# [Work request]
Only the lines from the top of the records below through the line containing "圖3. 電弧放電法/等離子電" should be printed, exactly and without pictures.

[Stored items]

+++

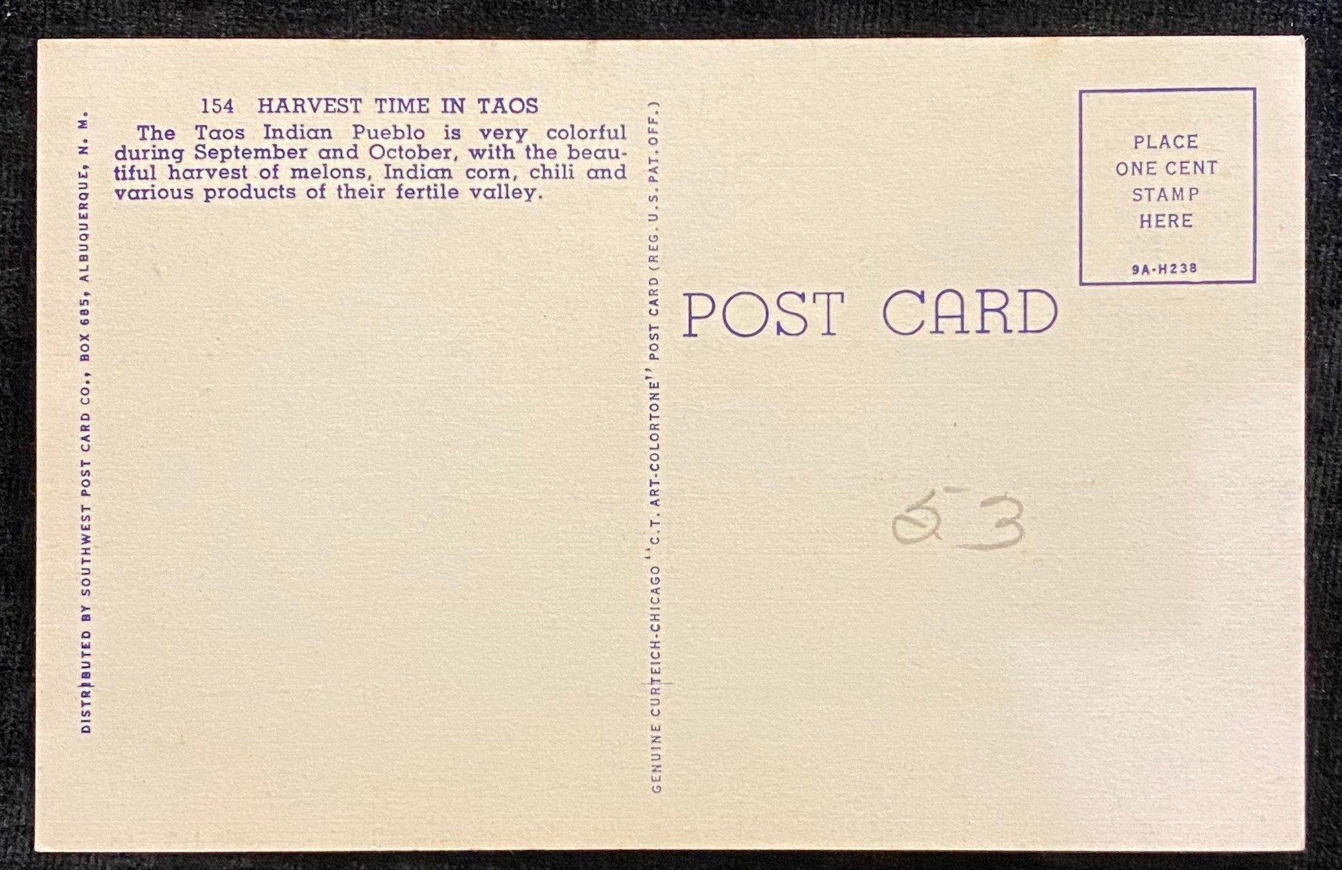 Harvest Time - Taos, New Mexico - 1939 Linen Postcard
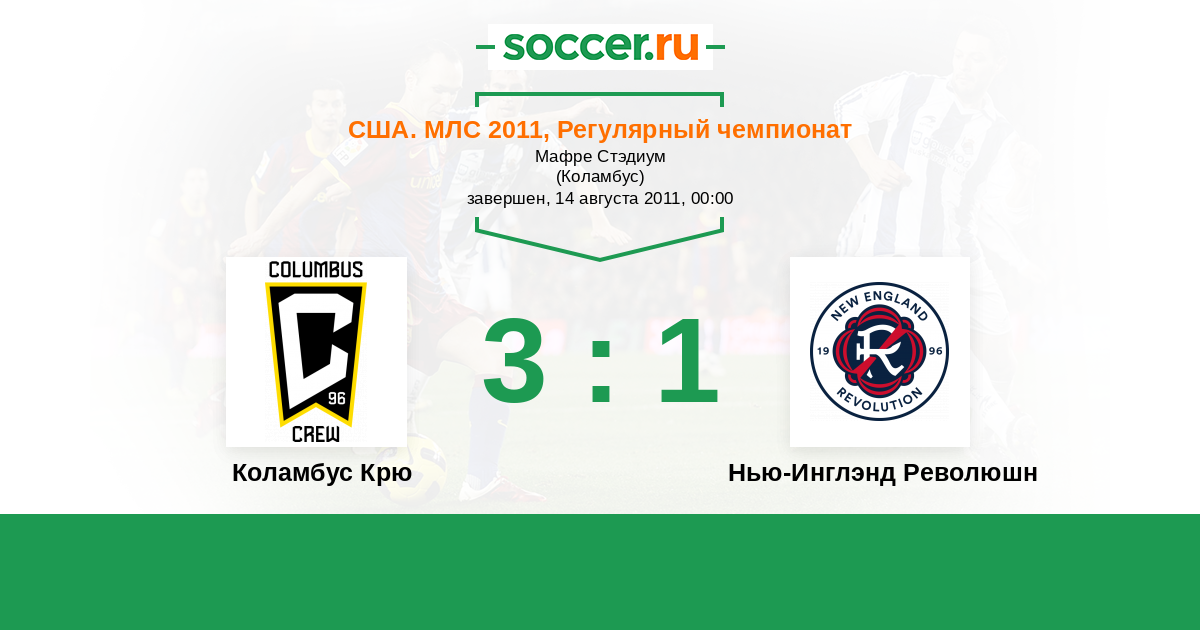 США. МЛС 16.10.2011 Нью-Инглэнд Революшн Логотип футбольный клуб Нью-Инглэнд Революшн (Фоксборо) 0:3 Логотип футбольный клуб Коламбус Крю Коламбус Крю
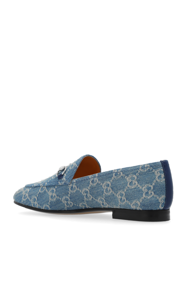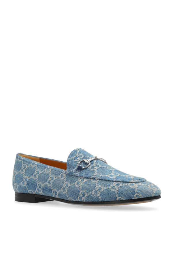 Blue ‘Jordaan’ loafers from Gucci. Made of denim with a light beige GG pattern and leather trims, this pair features a metal horsebit in silver-tone and a beige leather sole.
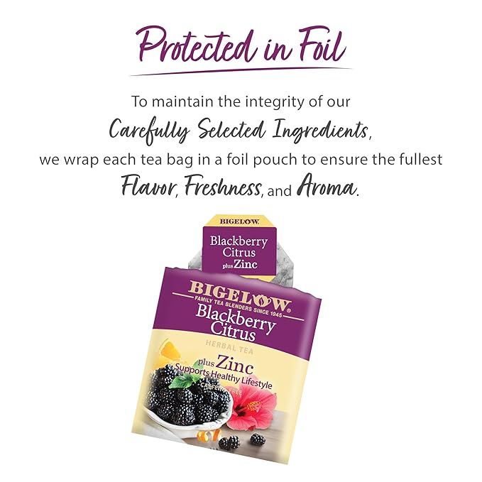 - Individually Wrapped: Bigelow Tea always come individually wrapped in foil pouches for peak flavor, freshness and aroma to enjoy everywhere you go; Gluten-free, calorie-free, and Kosher Certified
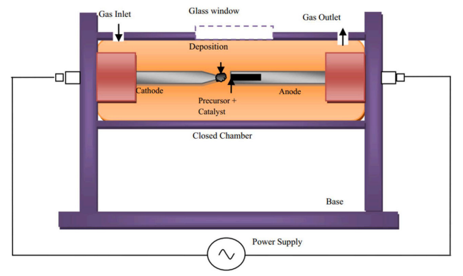 圖3. 電弧放電法/等離子電弧放電法制備碳納米管(CNT)的裝置示意圖。經(jīng)參考文獻(xiàn)[相關(guān)文獻(xiàn)]許可采用。
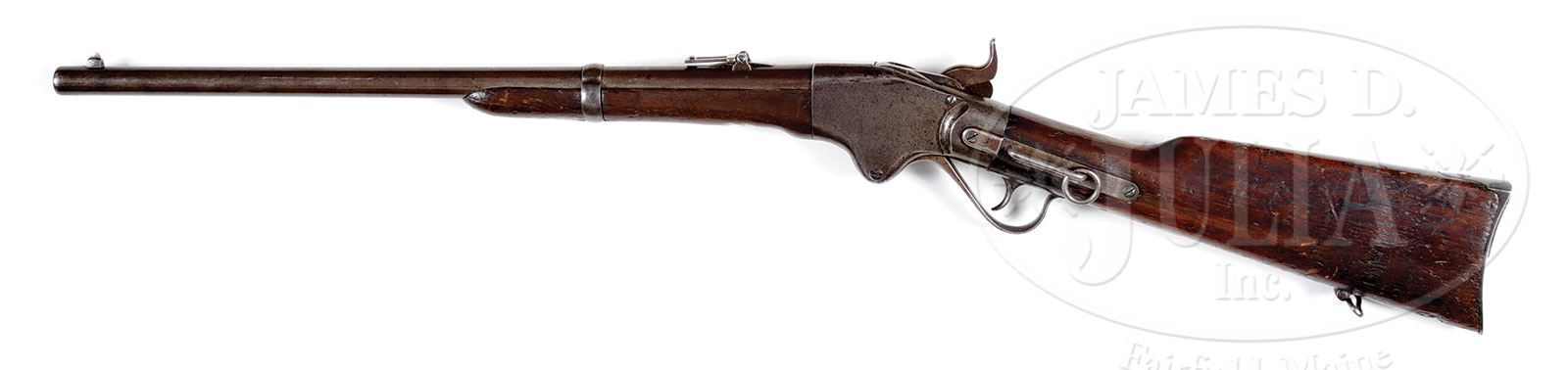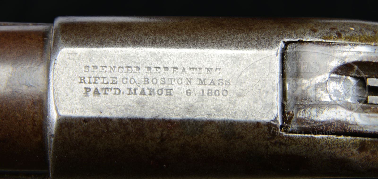 CIVIL WAR SPENCER CARBINE.SN 14140. This is a very nice orig and authentic “as found” Civil War Spencer carbine that shows honest saddle wear from the Greene Museum. This gun conforms to other early issued Spencer carbines with better than average markings on receiver flat “SPENCER REPEATING/RIFLE CO BOSTON MASS/PAT’D MARCH 6 1860″, 22″ bbl mounted on straight grained walnut stock. This is a nice unaltered example of the popular Civil War Spencer carbine. PROVENANCE: Greene Museum of Southern History. CONDITION: Very good overall with gray/brown fairly smooth metal with scattered staining and pitting. Stocks are sound with numerous small dings, dents and scratches with hand worn patina. There is a 1” chip at toe with some erosion which retains same patina. Buttstock has some light soldier scratched in decorations with indiscernible possible unit and/or initials. Front German silver blade to sight has been filed and sharpened. Mechanically gun functions well with good bore with discernible rifling though pitted. 4-54250 JS304 (2,000-4,000) – Lot 3223
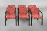 2. Hälfte 20. Jh., bequeme Polsterstühle mit Armlehnen, aus gebogenem Buchenholz schwarz lackiert, Sitzflächen aus Schichtholz, Verbindungsstreben aus verchromten Stahlrohr gesteckt und verschraubt, guter Originalzustand mit geringen Gebrauchsspuren, H 78 cm, SH 49 cm.
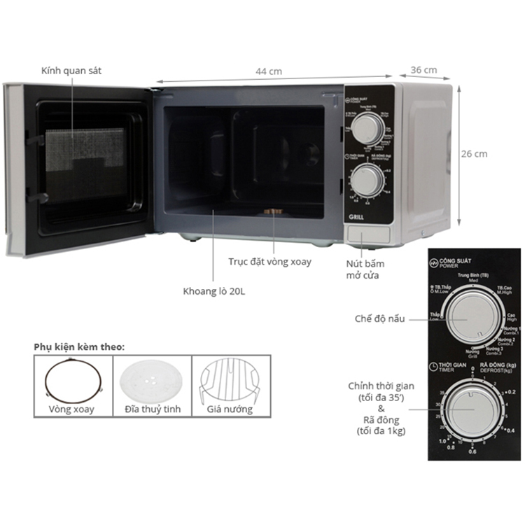 Tính năng nổi bật : – Bảng điều khiển cơ học dễ dàng sử dụng – 6 mức công suất linh hoạt cho ngưởi sử dụng – Tích hợp chức năng nướng tiện dụng – Thiết kế sang trọng hiện đại.   THÔNG SỐ KỸ THUẬT Đường kính đĩa 24,4cm Công Suất Đầu Ra (vi sóng) 700W Công Suất Đầu Vào(vi sóng) 1100W Điện Áp 220v-50hz Dung Tích Lò Vi Sóng 20L Trọng lượng khoảng 10,5 kg Công Suất Nướng 720W Kích thước bề ngoài (cm) 47 x 38 x 28.5
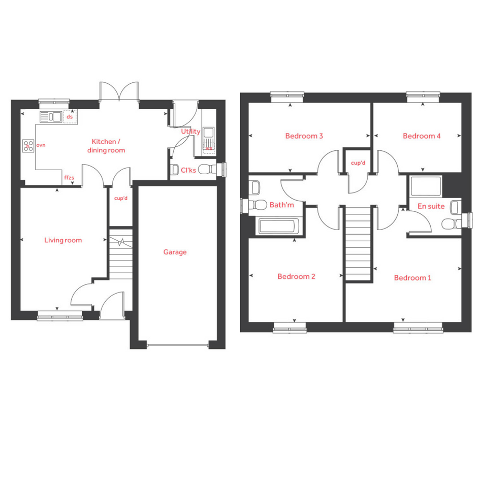 A living room at the front of the home is bright and airy thanks to a large window. An open plan kitchen/dining room is a sociable space which allows for cooking, dining and entertaining to take place in a flexible and spacious environment. While access to the garden, through a set of French doors, floods the room with light and provides the opportunity to expand your living spaces into the garden when the weather allows. With a downstairs cloakroom, a utility room and ample storage, the Goodridge meets all your needs and more.
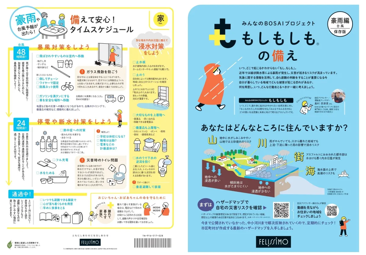 9月1日は防災の日。この日を前に、フェリシモの「みんなのBOSAIプロジェクト もしもしも®」が新しい「防災ガイド(豪雨・台風編)」を無料で配布することを発表しました。このガイドの配布は、自然災害が頻発する現代において、私たちがどれほど準備をすることが重要かを気づかせてくれる機会です。
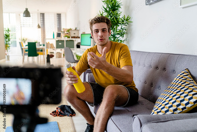 Fitness trainer live streaming fitness session while sitting on sofa at home
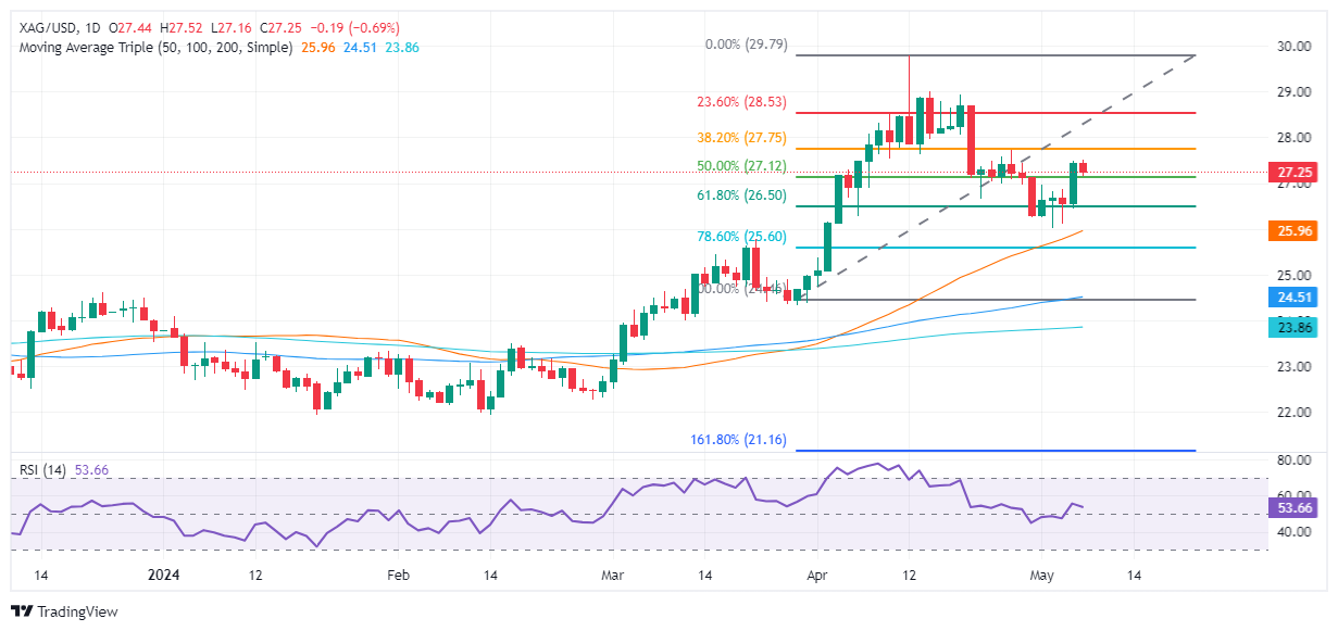 尽管周二回落至 27.20 美元区域,但灰色金属仍呈上行趋势。应该说,XAG/USD 仍在 50% 和 38.2% 斐波那契回调位内交易,该回调位来自最新周期的低点和高点,分别为 24.33 美元和 29.78 美元。
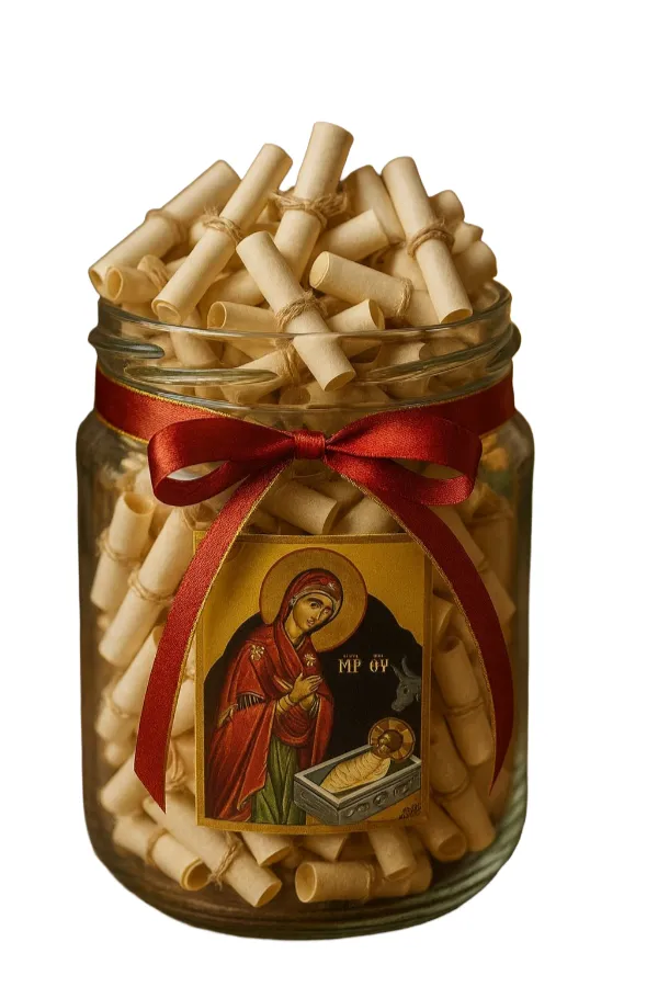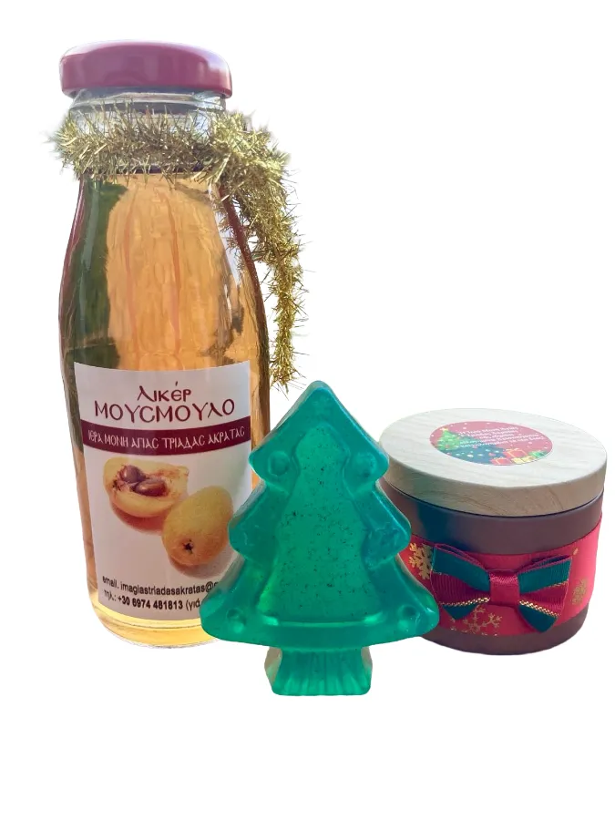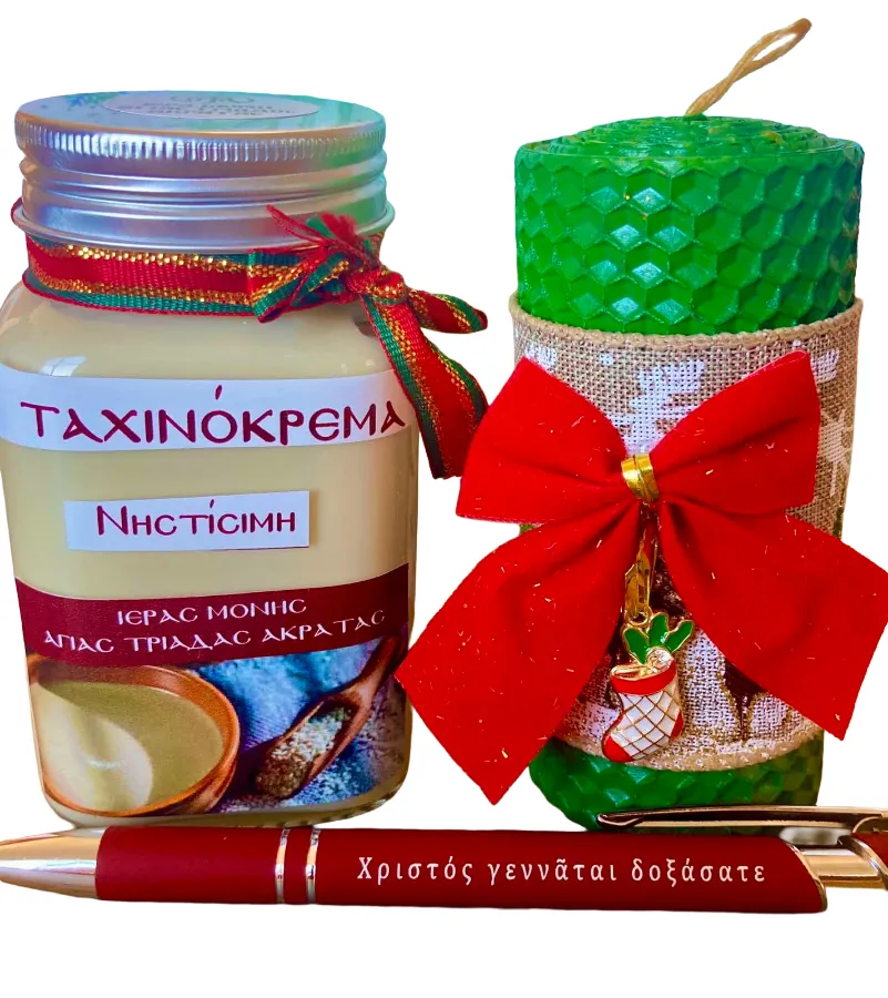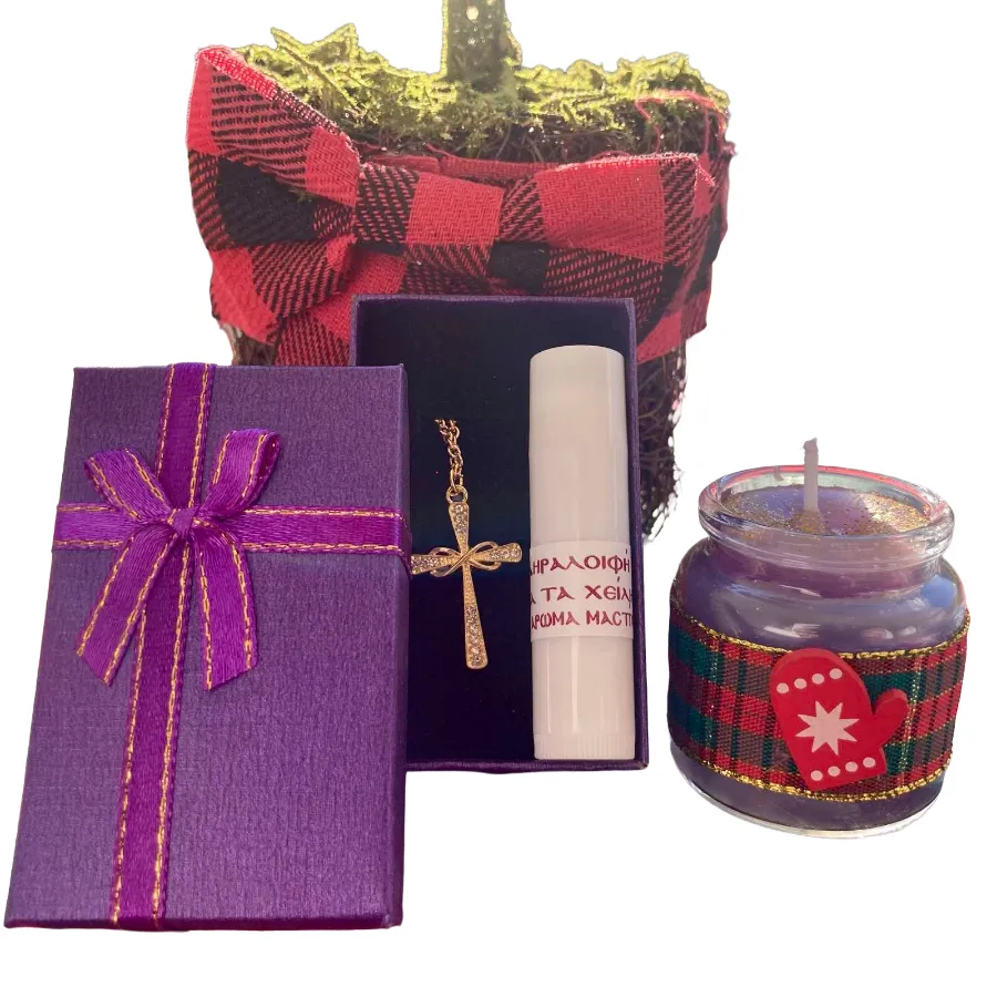 Σὲτ δώρου ποὺ περιλαμβάνει ἕνα σταυρό, ἀρωματικὸ κερὶ καὶ κεραλοιφὴ γιὰ τὰ χείλη μὲ ἄρωμα μαστίχα.

+++

# [Response box]
 Harvest Time - Taos, New Mexico - 1939 Linen Postcard
 США. МЛС 16.10.2011 Нью-Инглэнд Революшн Логотип футбольный клуб Нью-Инглэнд Революшн (Фоксборо) 0:3 Логотип футбольный клуб Коламбус Крю Коламбус Крю
 Blue ‘Jordaan’ loafers from Gucci. Made of denim with a light beige GG pattern and leather trims, this pair features a metal horsebit in silver-tone and a beige leather sole.
 - Individually Wrapped: Bigelow Tea always come individually wrapped in foil pouches for peak flavor, freshness and aroma to enjoy everywhere you go; Gluten-free, calorie-free, and Kosher Certified
 圖3. 電弧放電法/等離子電弧放電法制備碳納米管(CNT)的裝置示意圖。經(jīng)參考文獻(xiàn)[相關(guān)文獻(xiàn)]許可采用。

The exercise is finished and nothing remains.